What about trying to do everything via a VPN and spoofed UA strings vs. PII being banned from sale, heavily taxed, or a meaningful opt-out existing? Or even just DNT having a legal basis?
For HN readers. And probably in general.
As for your questions, I would definitely like to first use software which doesn't compromise my privacy and security and only as a very distant second have some bureaucrat who would maybe in the best case scenario fine a company which leaks my data.
The vote I cast by running a Tor relay is much more meaningful and valuable defence of privacy than a vote in the general elections.

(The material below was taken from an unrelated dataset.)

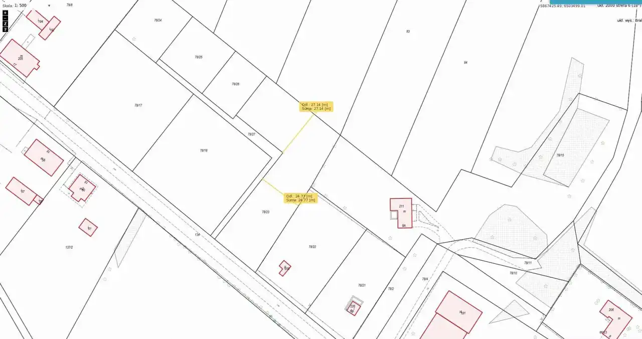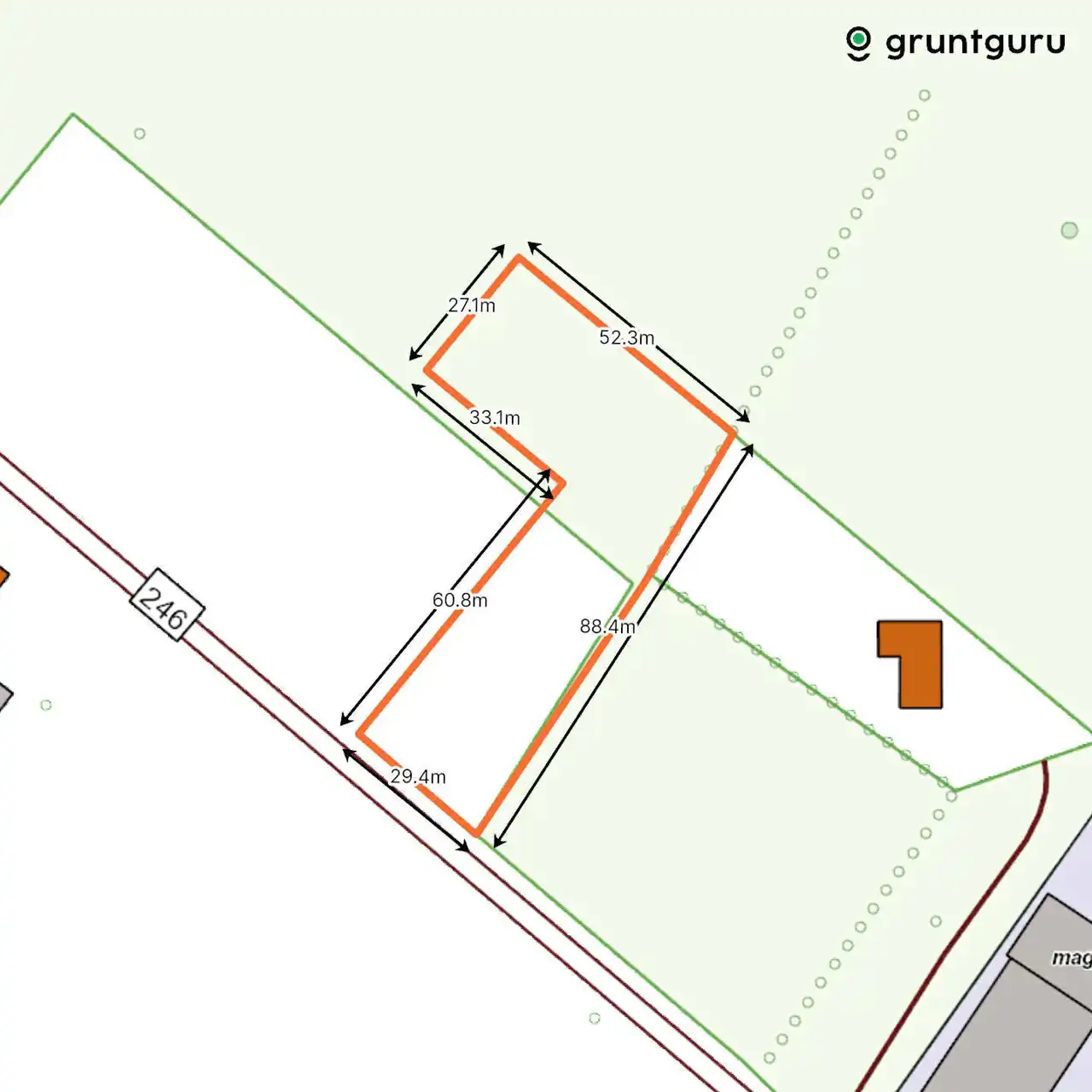Kształt działki: wielobok (lub prościej kształt litery L)

By orders of magnitude.
> The vote I cast by running a Tor relay is much more meaningful and valuable defence of privacy than a vote in the general elections.
I kind of agree, but, not if the new leader outlaws using Tor tomorrow, as they have in China and Iran, and are attempting to do in Russia and France.

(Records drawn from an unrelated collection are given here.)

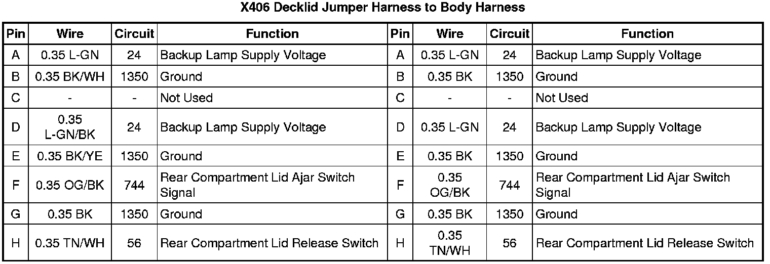 X406 Decklid Jumper Harness to Body Harness
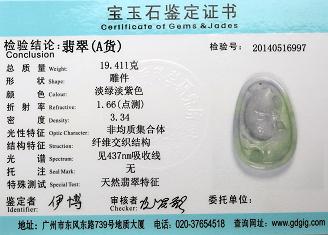 Certificate of Masterpiece Jade Jewelry Pendant MPJP21 & MPJP22
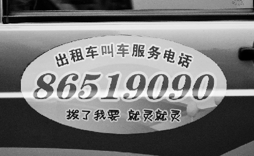 ▲東陽(yáng)出租車門上印著叫車電話號(hào)碼。

> bureaucrat who would maybe in the best case scenario fine a company which leaks my data
You may be selling the power of legislation short. It has the power to entirely transform the default business model of the Internet away from surveillance capitalism, for example. In terms of privacy, this would eliminate entire classes of "threat".
We frequently under-estimate our power as technologists to influence these things; we have very much more than a single vote. The narrative of 'technology' in the media is almost entirely that of billionaires and spies, and the media are gradually starting to realize that they're being led along. Getting the voice of technologists to explain the societal impacts of technology policy is a problem that we need to identify with as group.

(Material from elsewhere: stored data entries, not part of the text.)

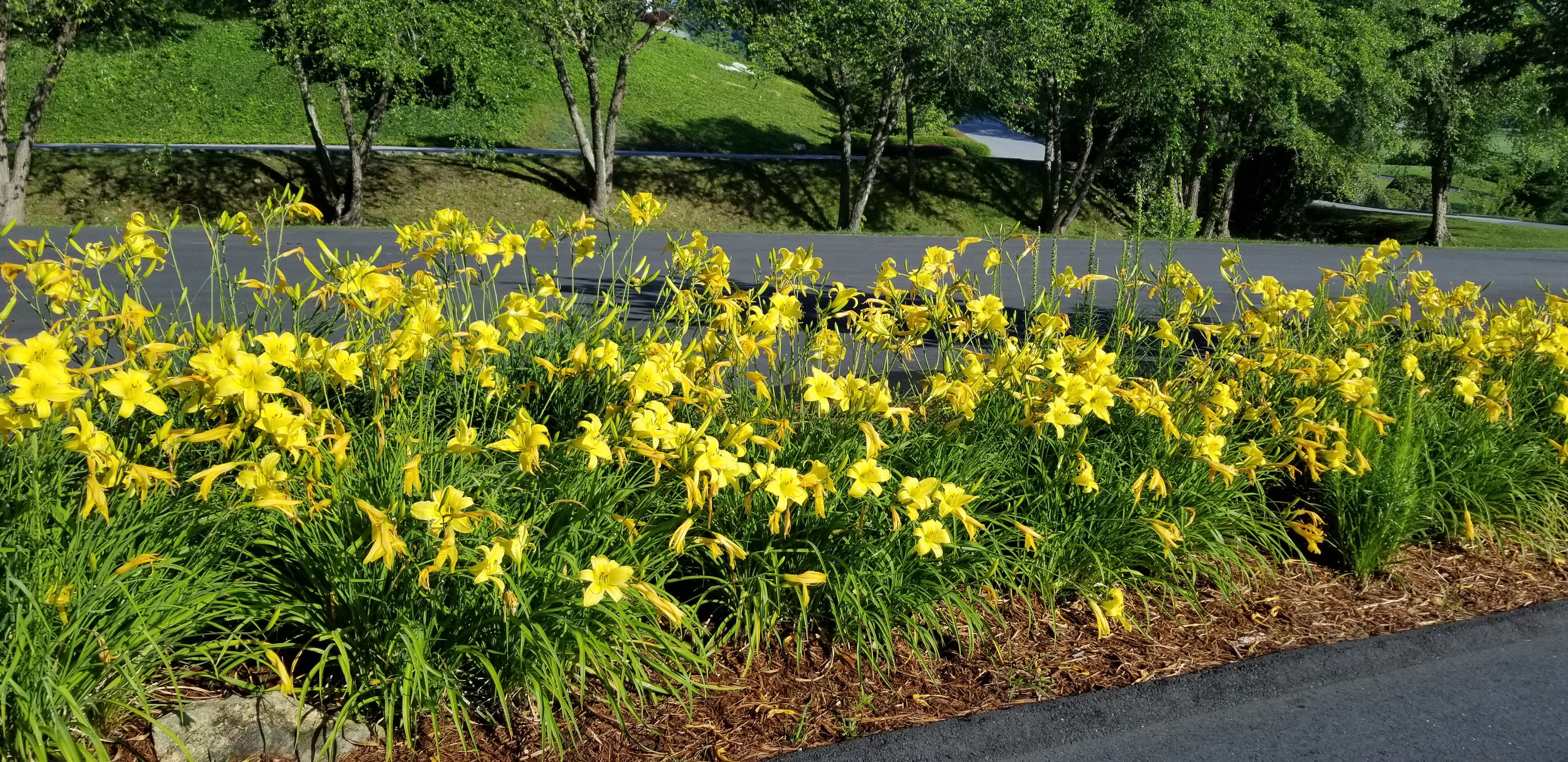 Daylilies massed along a roadside berm create living sunshine—proof of how repetition and rhythm elevate everyday slopes.
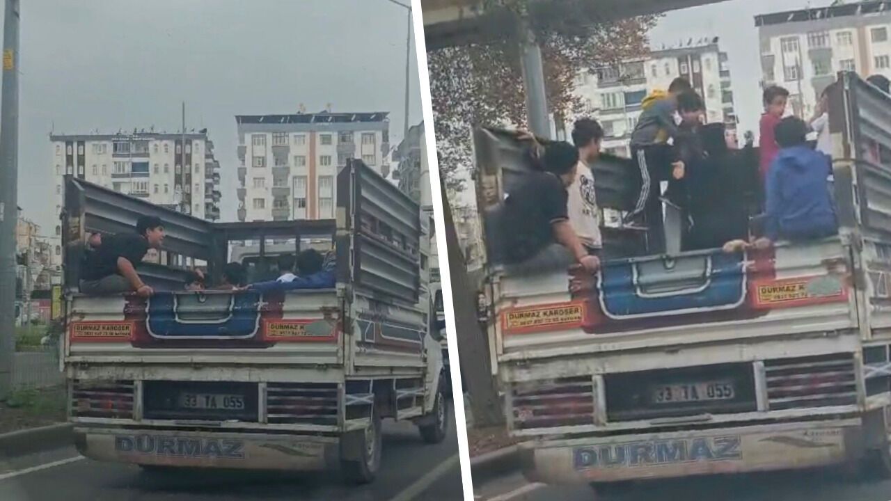 Görüntülerde, çocukların kamyonetin arkasında oturarak ilerlediği ve zaman zaman dengesiz hareketler yaptığı görülürken, trafikteki diğer araç sürücülerinin de zor anlar yaşadığı dikkat çekti.
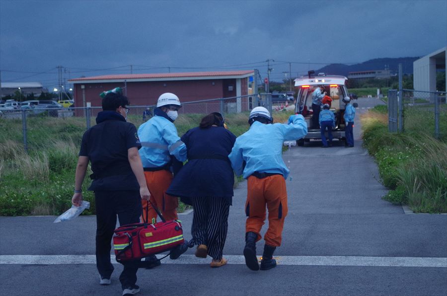 患者:40歳 女性 写真:真栄里暫定ヘリポートにて患者引き継ぎ時の様子

Ultimate Encryption Method has just been trivially bypassed.
Hence, the good crypto is really only the most basic first step. Full privacy should be the second and a very important step. Fine, I might have an account in <insert-trendy-social-network-here>. Fine, my real name is known there.
OK.
But there are plethora of cases where having a user profile and personally identifiable information is simply not necessary -- like web search. Even e-commerce like Amazon can be mostly anonymized: you can pay with an e-gold kind of currency (Bitcoin, Ethereum) and Amazon can only ask politely another API if the goods are deliverable to your address (while Amazon won't have an idea about your physical address). Then, even if that mystical-another-API has your physical address, at least it's not in the hands of Amazon -- fragmentation of personal info gives us a small degree of protection, even if Amazon can eventually procure the info under the table. Hey, every little bit helps. Make surveillance expensive and many will drop it (not everybody of course, I recognize that). Again, every little bit helps.
Of course, due to a mountain of vested interests, nobody is talking about such technical solutions. "They" want your info all over the net. It's easier for them, so why change anything? The current status quo is sadly very logical.
Back to your example, thugs will just be angrily gnawing at their nails if they have no idea who you are and where you live.
Better software and newer generations that know how to use them will, however, come before anyone can make a government that respects his population.
However, what we can do is make decentralized tech absolutely idiot-proof and put it in the hands of non-technical users. If it's convenient, fast and reliable, it will at least have an equal footing against the centralized services. Let's get to that point and fight the other battle you mentioned then.